American basketball coach (1932–2011)

Horace J. "Hoddy" Mahon (January 17, 1932 – November 25, 2011; pronounced "mah-HON") high school and collegiate basketball coach who was the head coach of the Seton Hall Pirates men's basketball team during the 1981–82 season. He succeeded Bill Raftery and preceded P. J. Carlesimo. He was a longtime assistant coach for the Pirates and was hired to replace Raftery, who left to pursue his communications career.

Born in Scranton, Pennsylvania, Mahon played prep basketball at Our Lady of Good Counsel High School in Newark, New Jersey, and then played for the Saint Peter's Peacocks men's basketball before joining the United States Army.

Preceding his tenure at Seton Hall, he won state titles as a New Jersey high school coach at Orange High School (winning the Group III state championship in 1968) and at Essex Catholic High School (winning the 1971 Parochial A North title). He won the Essex County and state championships while at Orange, earning honors as basketball coach of the year from The Star-Ledger.

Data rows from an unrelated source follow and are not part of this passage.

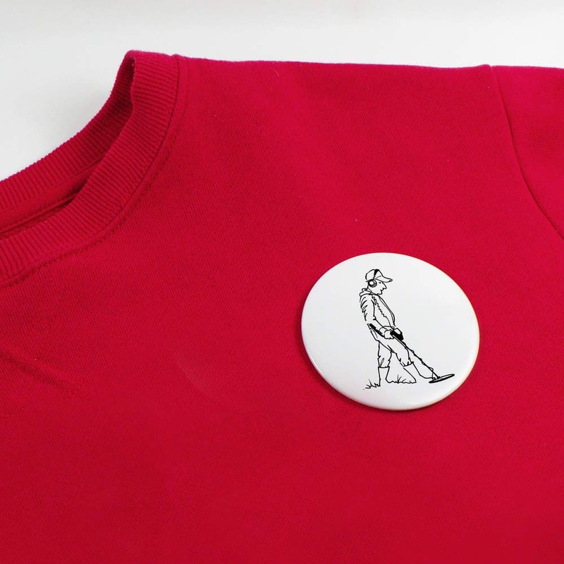 77mm 'Metal Detector Man' Large Button Pin Badge (BB00058882)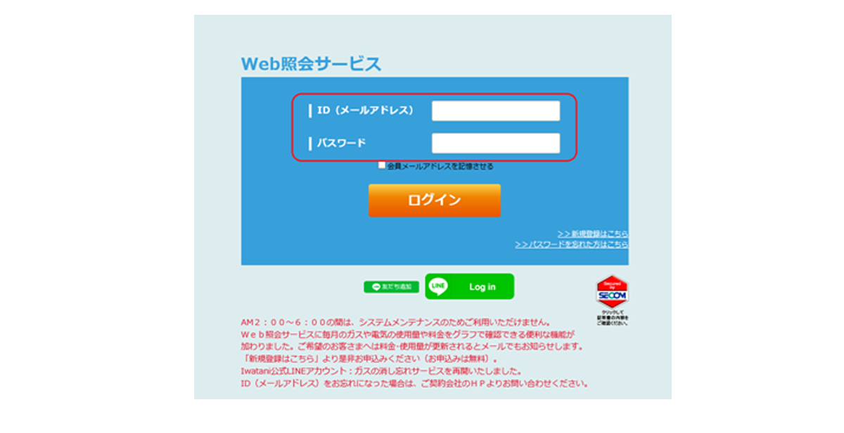 申し込み画面で入力したID、パスワードを入力してログインしてください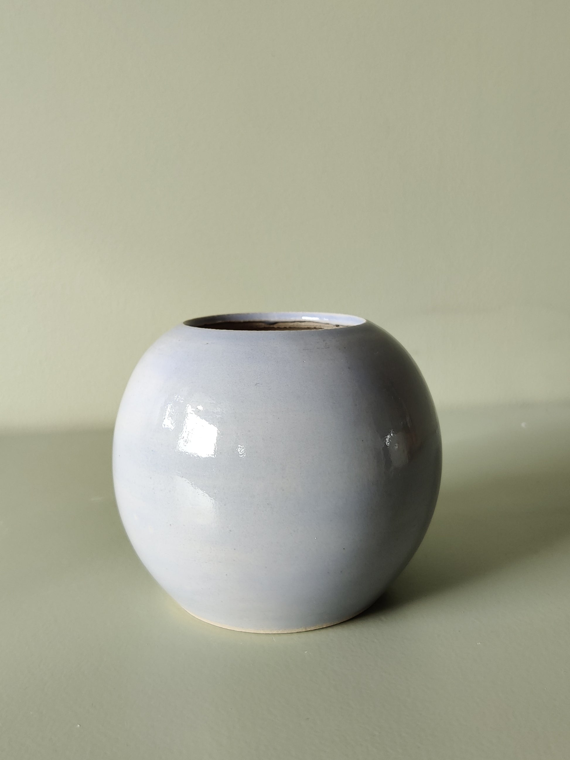 Rund och go vas (eller kanske kruka?) drejad i vit lera. Glaserad med härligt pastellig glasyr i ljust blålila ton på vit botten. Mäter cirka 12 cm i diameter.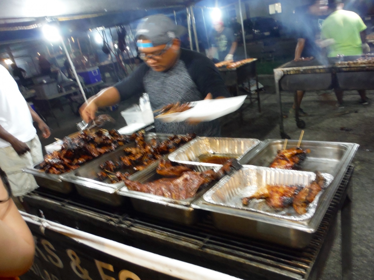 人気のBBQ肉屋台はこれまた長蛇の列、並んでるだけで時間過ぎちゃいます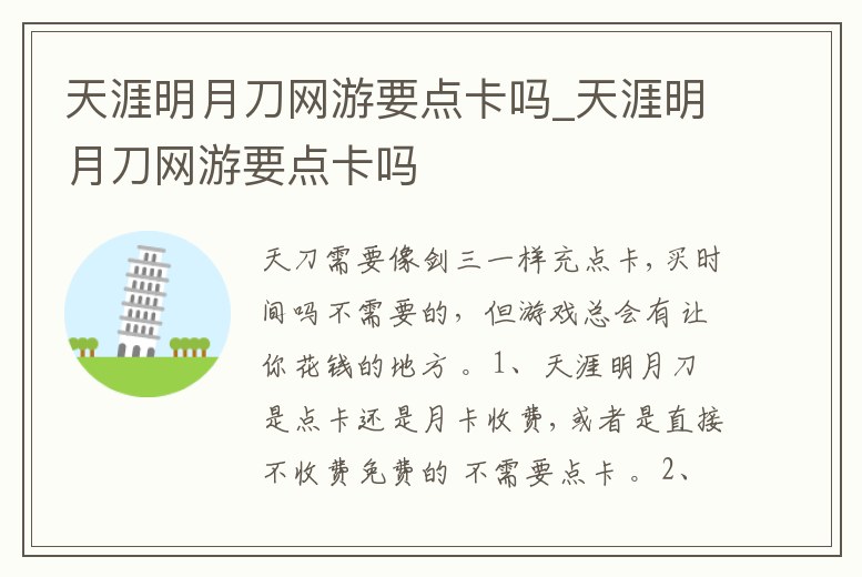 天涯明月刀網游要點卡嗎_天涯明月刀網游要點卡嗎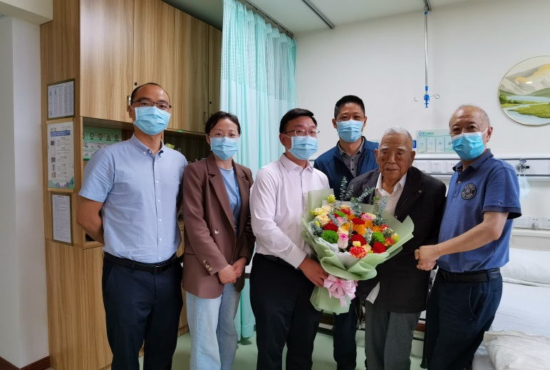 ?刘刚君详细询问了黄锐的身体和饮食情况,代表所党委、所务委员会向黄锐献上生日鲜花,对黄锐百岁寿辰表示衷心祝贺,祝愿老人家身体安康、福如东海、寿比南山。希望其安心养病,病愈出院后到研究所新园区走走看看。

His 1968 team at Orange High School finished the season with a record of 27–0 after winning the Group III state title with a 64–56 win against Emerson High School in the championship game played in front of a crowd of nearly 7,000 at Convention Hall in Atlantic City.

Mahon's college coaching career began at Fordham University as an assistant to Hal Wissel, where he helped recruit players Ken Charles and Charlie Yelverton for the Rams.

A resident of Newark, New Jersey, he joined Raftery at Seton Hall as an assistant for 12 years, hoping to succeed him when the opportunity came. As head coach in 1981–82, he knocked off the University of Houston's Phi Slama Jama in an upset and started the season with a 9–1 record. Then, two starters and one bench player who played a large number of minutes were declared academically ineligible for the Pirates' second half of the season, with a slide leading to the team finishing the season with an 11–16 record. After the season, Seton Hall decided to hire P. J. Carlesimo instead of Mahon. He later took the reins at both William Paterson University and Upsala College, recording winning records at both schools.

He moved from Old Bridge Township, New Jersey, to Allenhurst, New Jersey, in the 1970s and died at his home there on November 25, 2011.